**WHAT NEEDS TO BE DONE**
Starting at the line where "Resistent zetmeel (Maïs" occurs, reproduce each line through the end of the entries below exactly. Omit every picture.

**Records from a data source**
━━━━━━━━━━━━━━━━━━━━
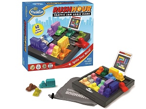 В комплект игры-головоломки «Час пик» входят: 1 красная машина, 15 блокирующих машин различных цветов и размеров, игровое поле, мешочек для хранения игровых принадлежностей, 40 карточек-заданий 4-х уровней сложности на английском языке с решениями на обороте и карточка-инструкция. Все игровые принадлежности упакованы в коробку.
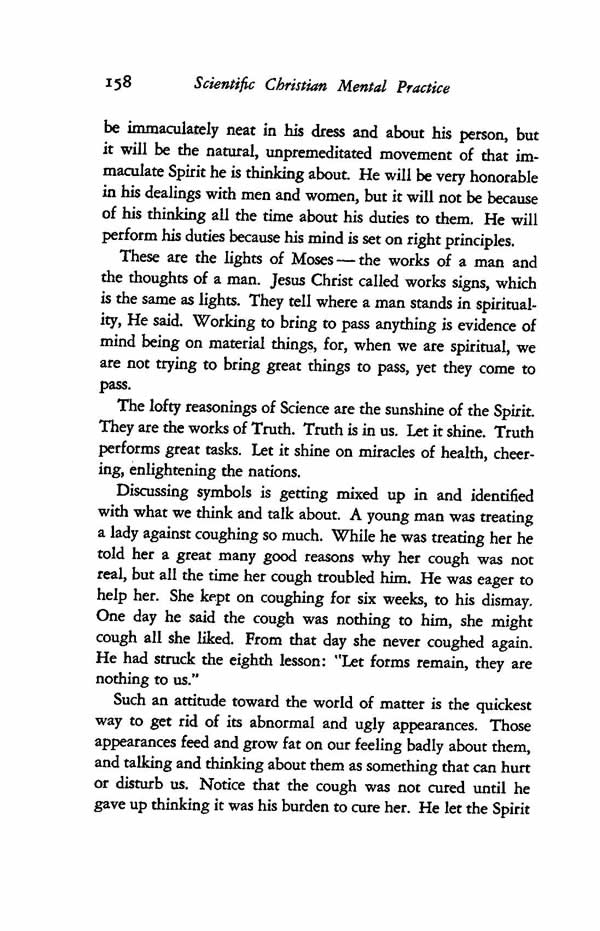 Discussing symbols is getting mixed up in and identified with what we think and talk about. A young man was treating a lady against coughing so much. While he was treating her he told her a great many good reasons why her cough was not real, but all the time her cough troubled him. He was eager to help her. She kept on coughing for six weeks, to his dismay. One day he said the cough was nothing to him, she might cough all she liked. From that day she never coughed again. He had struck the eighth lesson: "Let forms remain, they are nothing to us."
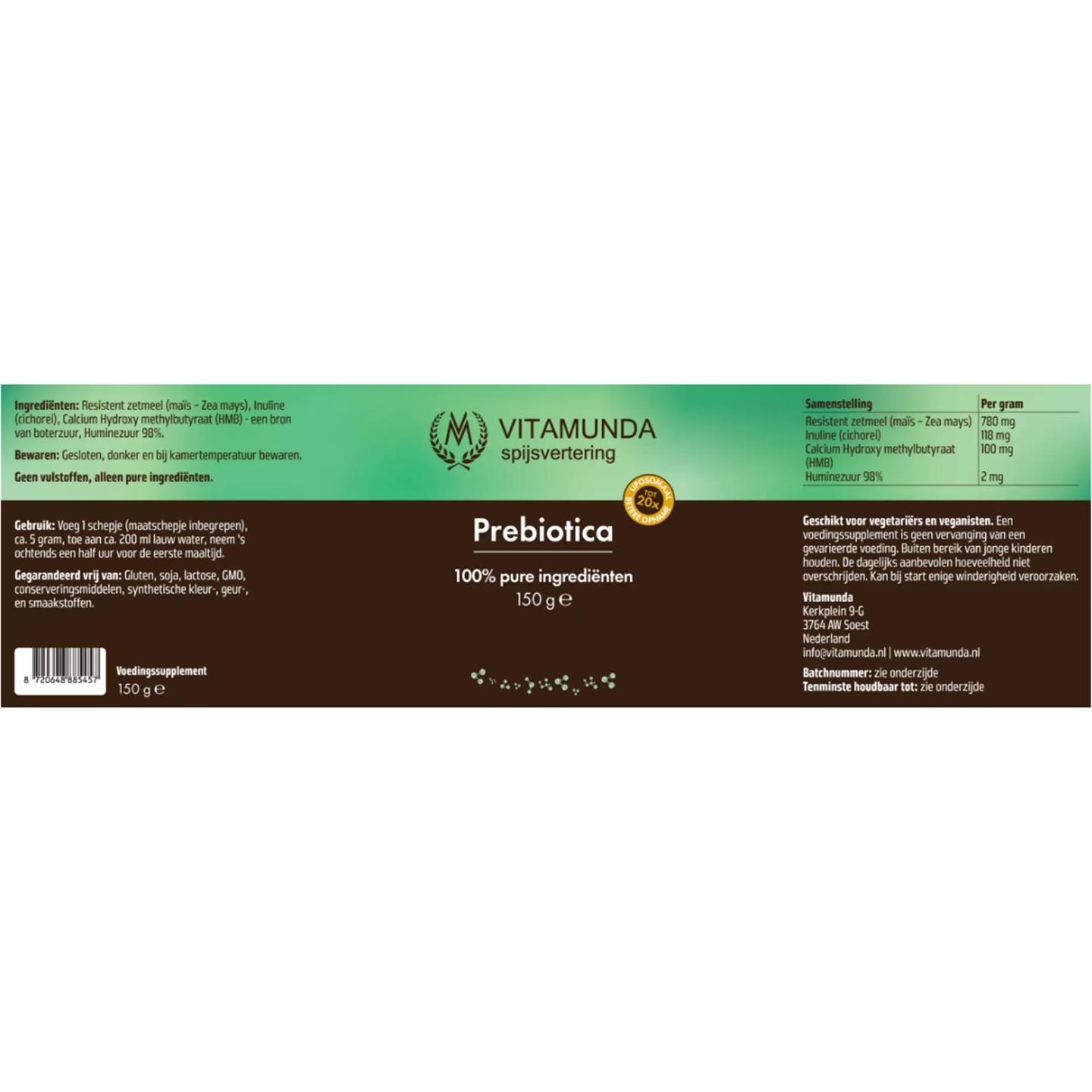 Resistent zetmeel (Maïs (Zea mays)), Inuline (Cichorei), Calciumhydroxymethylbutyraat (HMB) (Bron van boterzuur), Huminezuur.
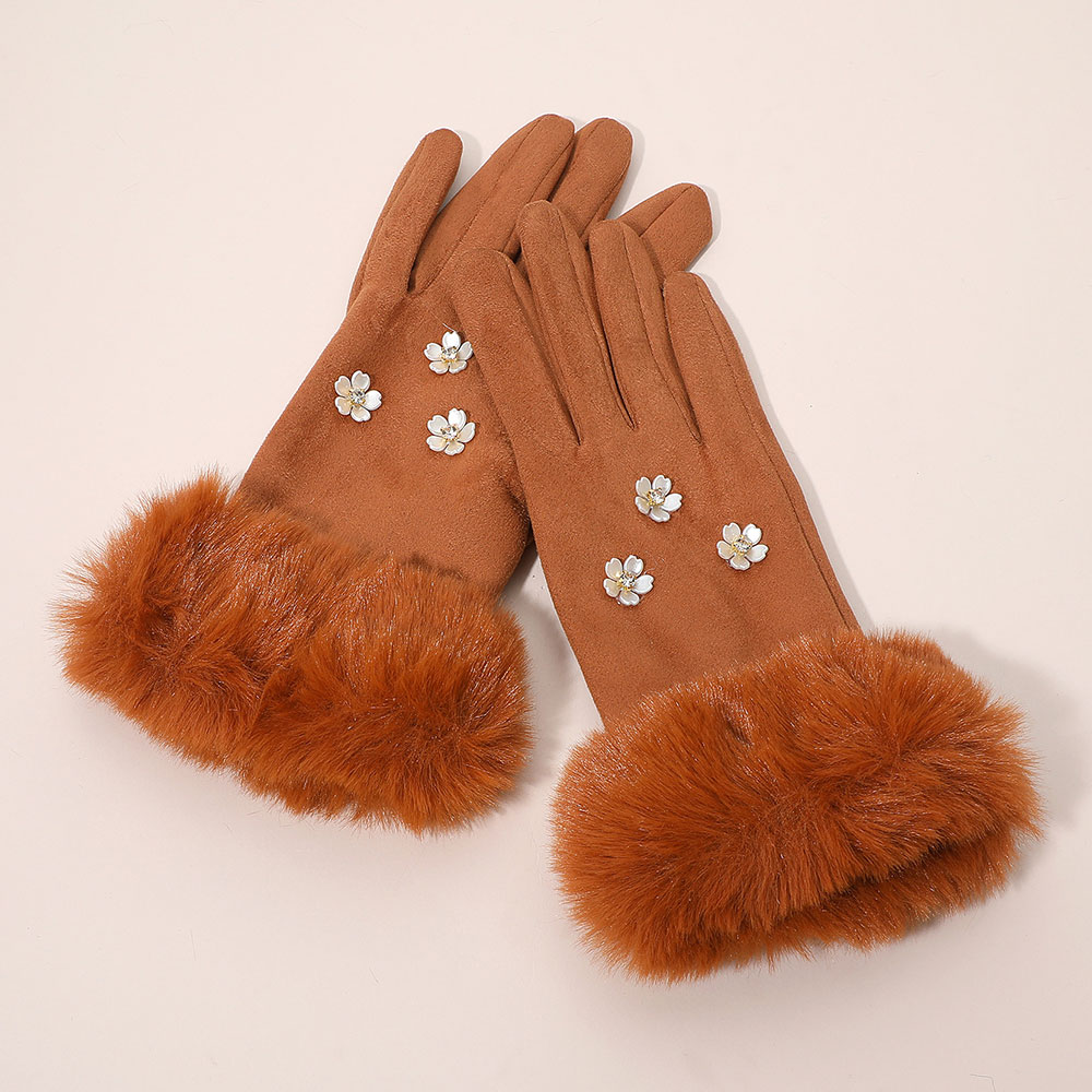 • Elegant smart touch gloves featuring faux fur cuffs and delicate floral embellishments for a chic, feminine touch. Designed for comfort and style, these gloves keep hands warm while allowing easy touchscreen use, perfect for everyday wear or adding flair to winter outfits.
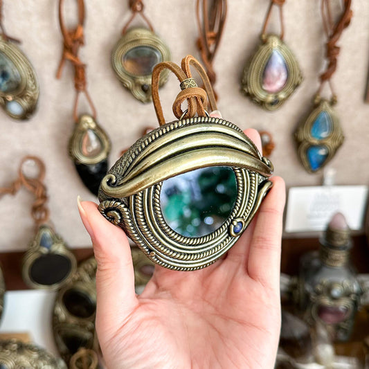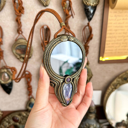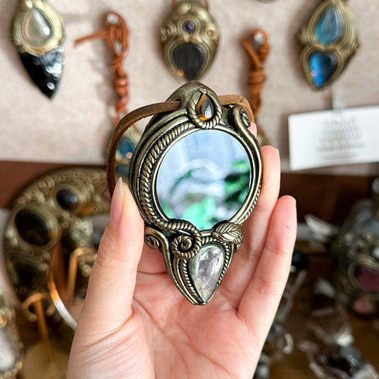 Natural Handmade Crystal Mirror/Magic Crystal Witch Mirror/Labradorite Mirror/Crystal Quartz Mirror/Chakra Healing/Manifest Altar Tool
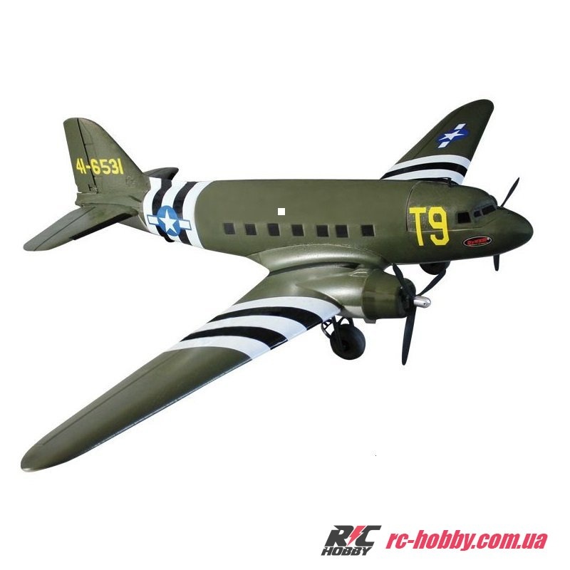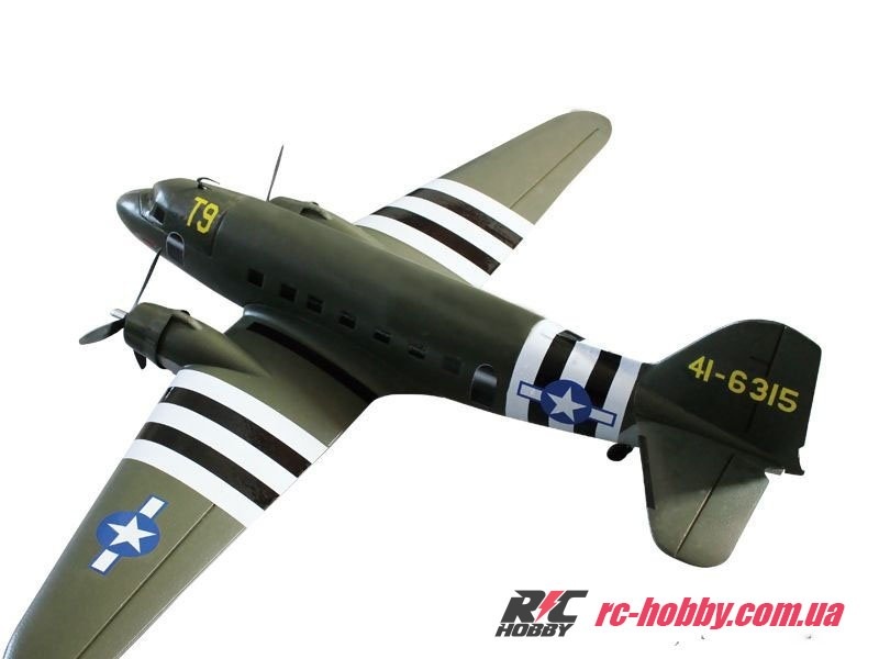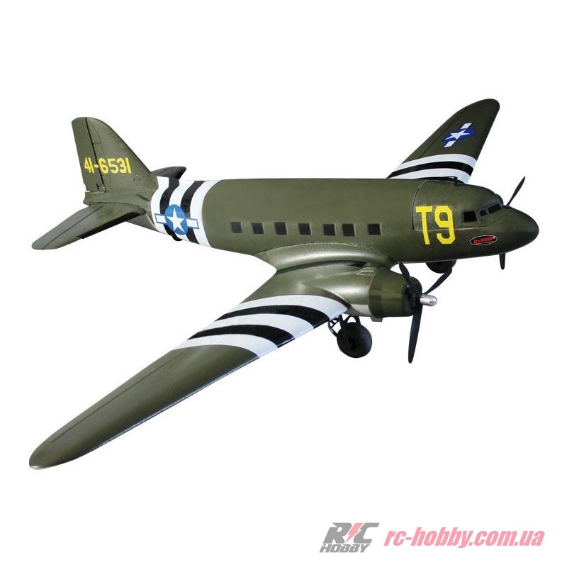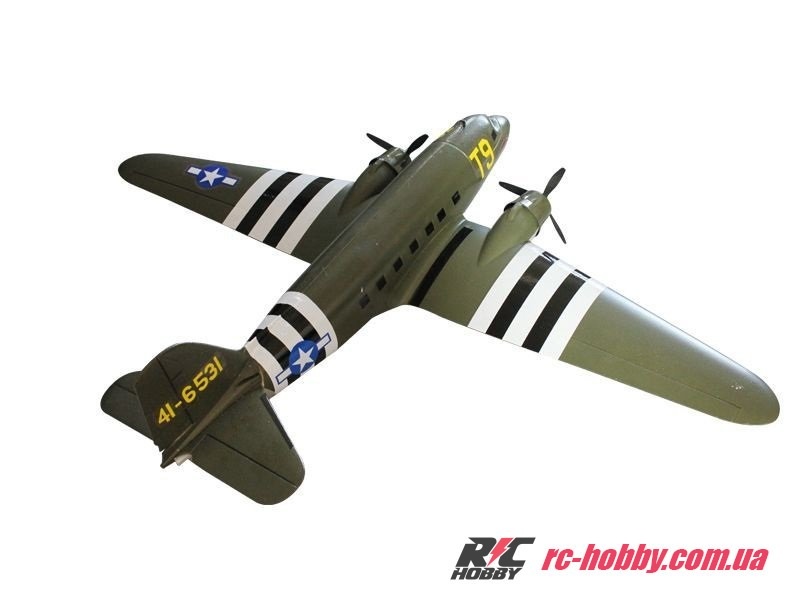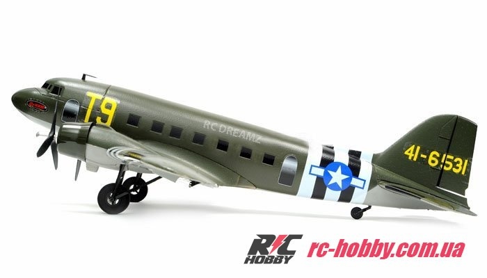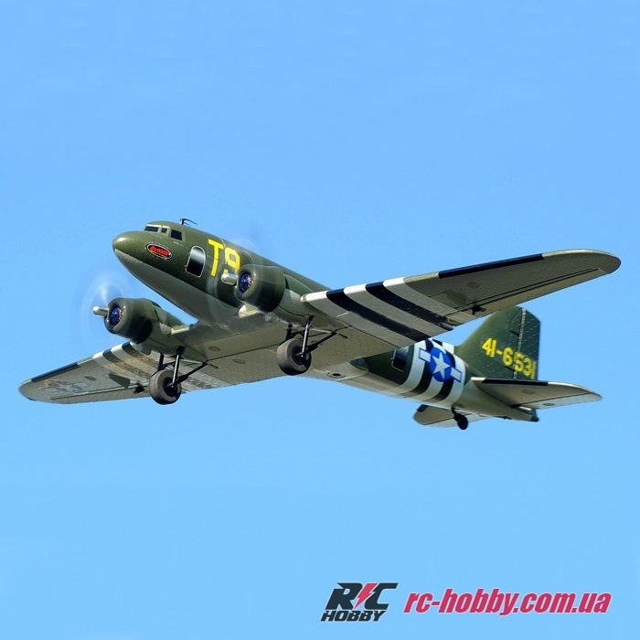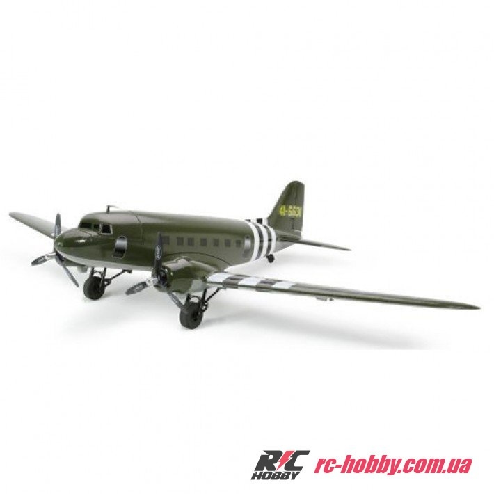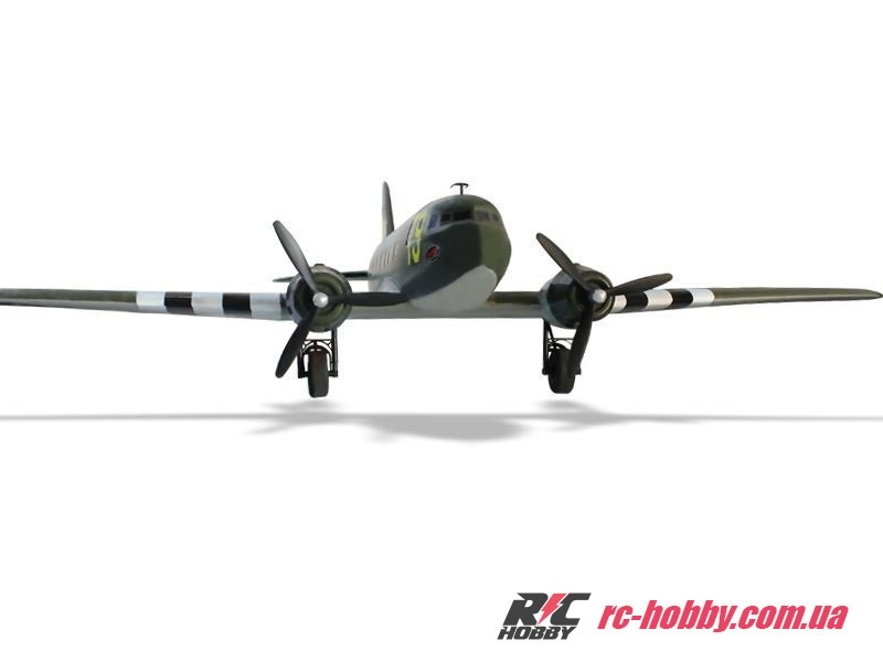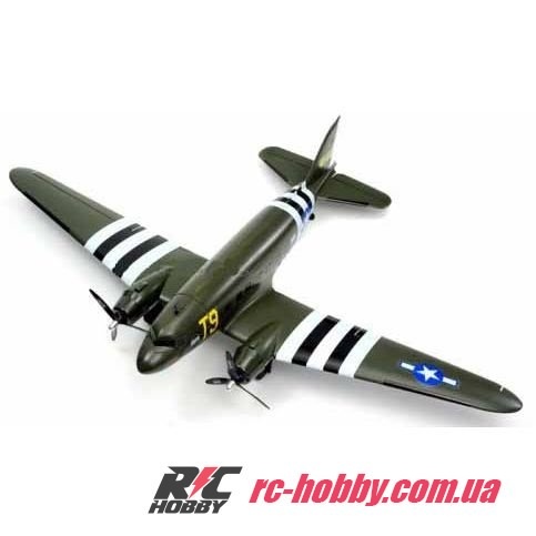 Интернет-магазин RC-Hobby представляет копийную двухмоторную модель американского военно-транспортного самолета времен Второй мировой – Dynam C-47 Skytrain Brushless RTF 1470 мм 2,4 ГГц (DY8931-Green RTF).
━━━━━━━━━━━━━━━━━━━━
**RESULT**
 Resistent zetmeel (Maïs (Zea mays)), Inuline (Cichorei), Calciumhydroxymethylbutyraat (HMB) (Bron van boterzuur), Huminezuur.
 • Elegant smart touch gloves featuring faux fur cuffs and delicate floral embellishments for a chic, feminine touch. Designed for comfort and style, these gloves keep hands warm while allowing easy touchscreen use, perfect for everyday wear or adding flair to winter outfits.
 Natural Handmade Crystal Mirror/Magic Crystal Witch Mirror/Labradorite Mirror/Crystal Quartz Mirror/Chakra Healing/Manifest Altar Tool
 Интернет-магазин RC-Hobby представляет копийную двухмоторную модель американского военно-транспортного самолета времен Второй мировой – Dynam C-47 Skytrain Brushless RTF 1470 мм 2,4 ГГц (DY8931-Green RTF).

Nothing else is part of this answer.